— RECORDS —

★ ★ ★ ★

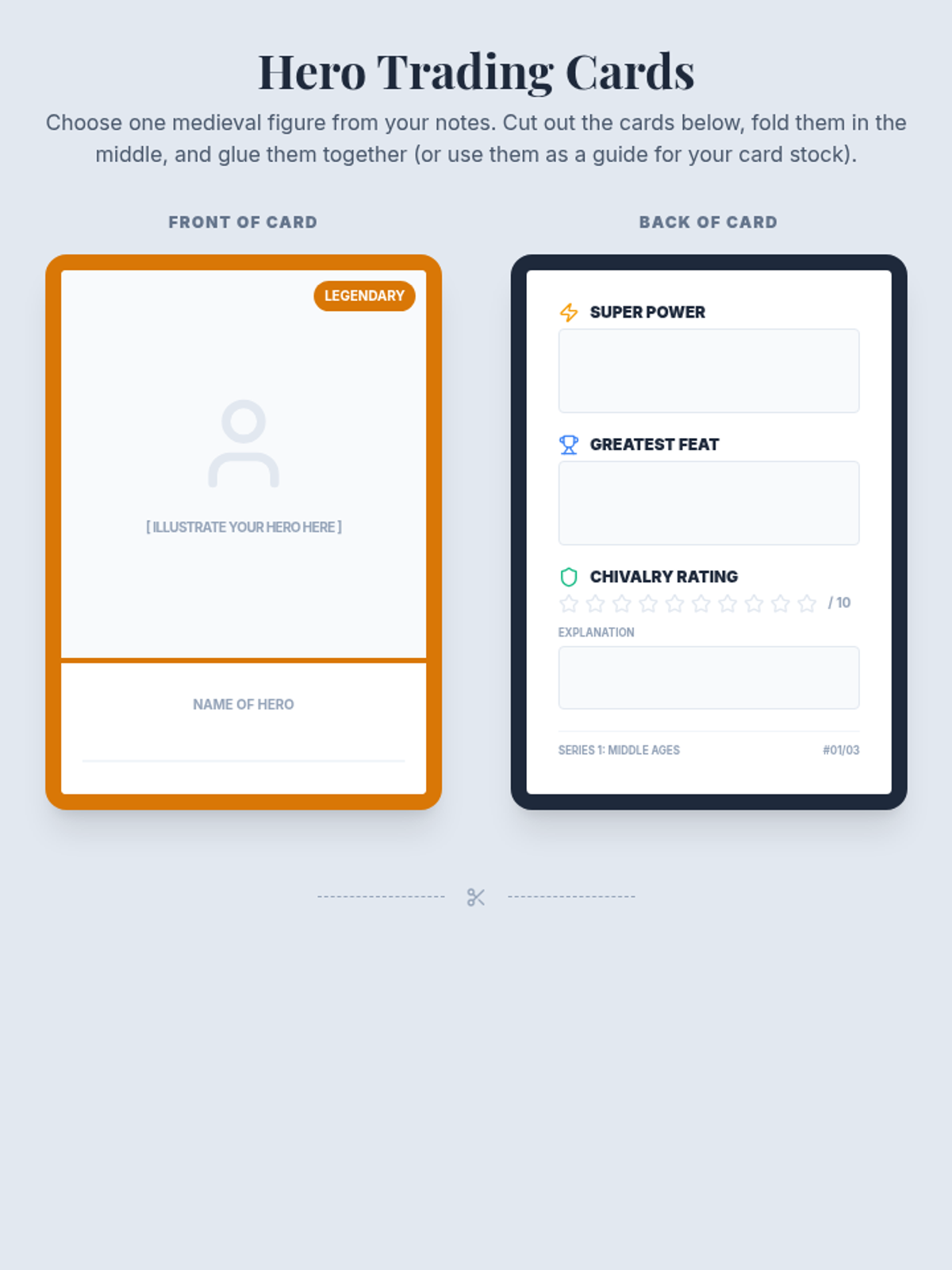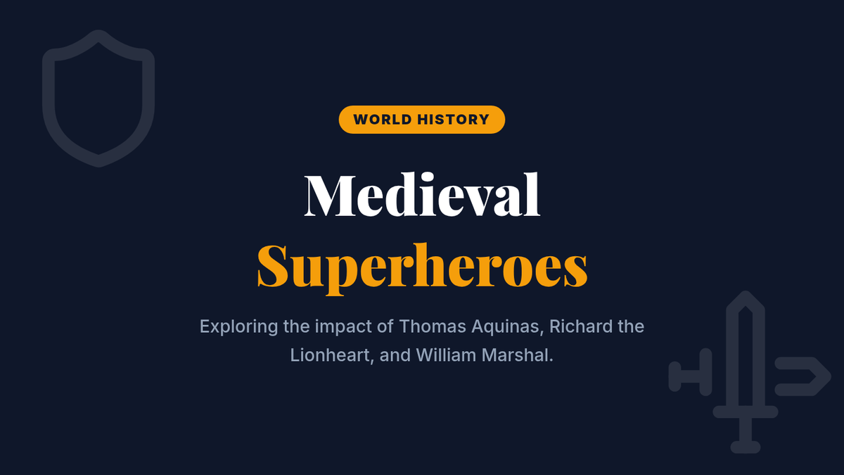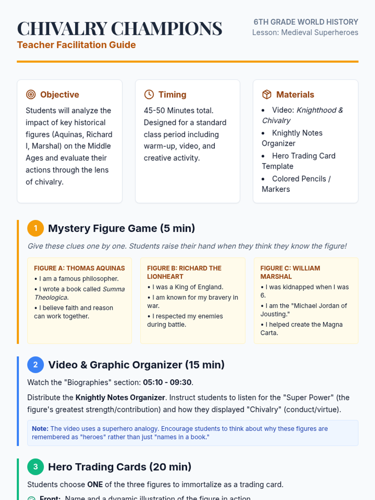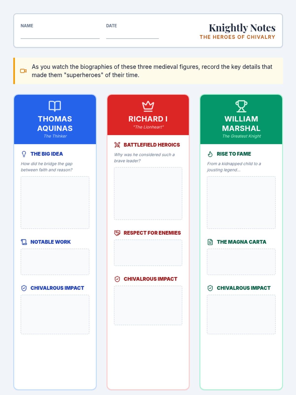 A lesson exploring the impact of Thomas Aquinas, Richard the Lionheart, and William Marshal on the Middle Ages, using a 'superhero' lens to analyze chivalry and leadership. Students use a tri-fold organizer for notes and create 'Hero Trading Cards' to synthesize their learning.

★ ★ ★ ★

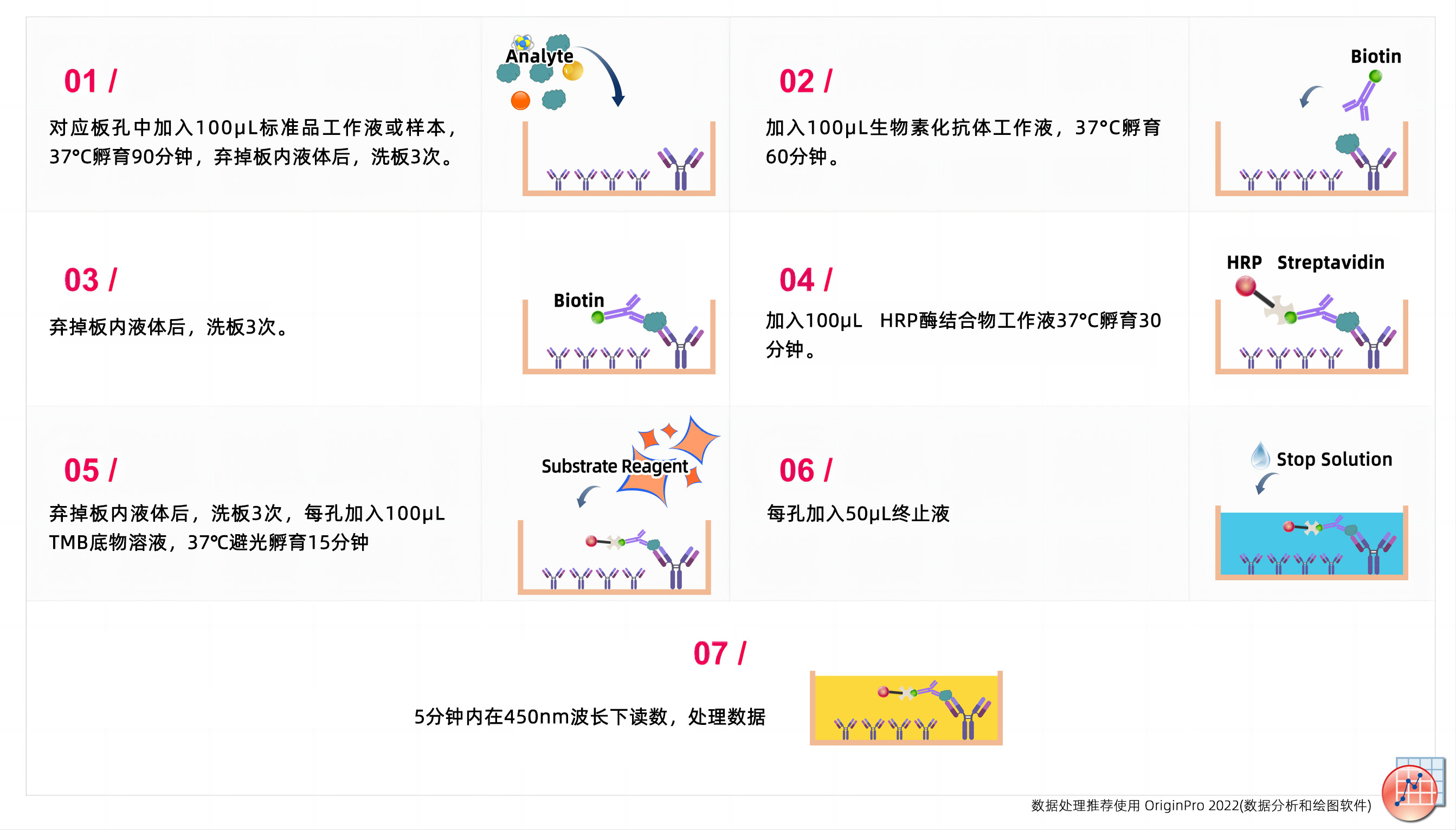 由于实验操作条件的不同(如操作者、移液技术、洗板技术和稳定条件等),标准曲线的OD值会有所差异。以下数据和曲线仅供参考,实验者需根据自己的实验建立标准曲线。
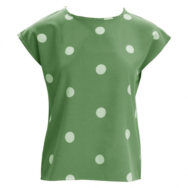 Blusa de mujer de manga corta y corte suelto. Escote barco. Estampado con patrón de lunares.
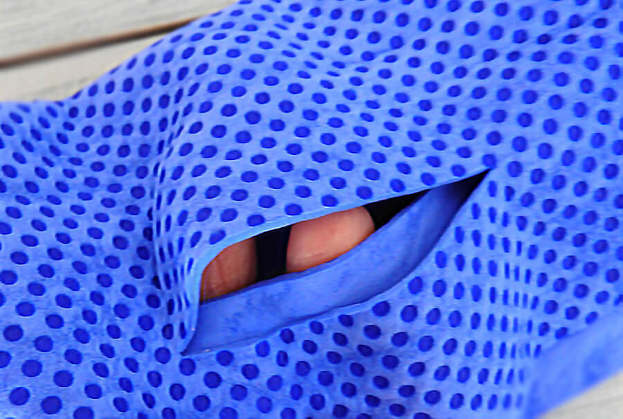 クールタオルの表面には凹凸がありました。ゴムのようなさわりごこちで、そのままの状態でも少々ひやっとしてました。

★ ★ ★ ★

— TASK ITEM —
In the data above, the stretch from the line with "由于实验操作条件的不同(如操" through the line with "クールタオルの表面には凹凸が" is to be returned exactly, minus any pictures.

— ANSWER SPACE —
 由于实验操作条件的不同(如操作者、移液技术、洗板技术和稳定条件等),标准曲线的OD值会有所差异。以下数据和曲线仅供参考,实验者需根据自己的实验建立标准曲线。
 Blusa de mujer de manga corta y corte suelto. Escote barco. Estampado con patrón de lunares.
 クールタオルの表面には凹凸がありました。ゴムのようなさわりごこちで、そのままの状態でも少々ひやっとしてました。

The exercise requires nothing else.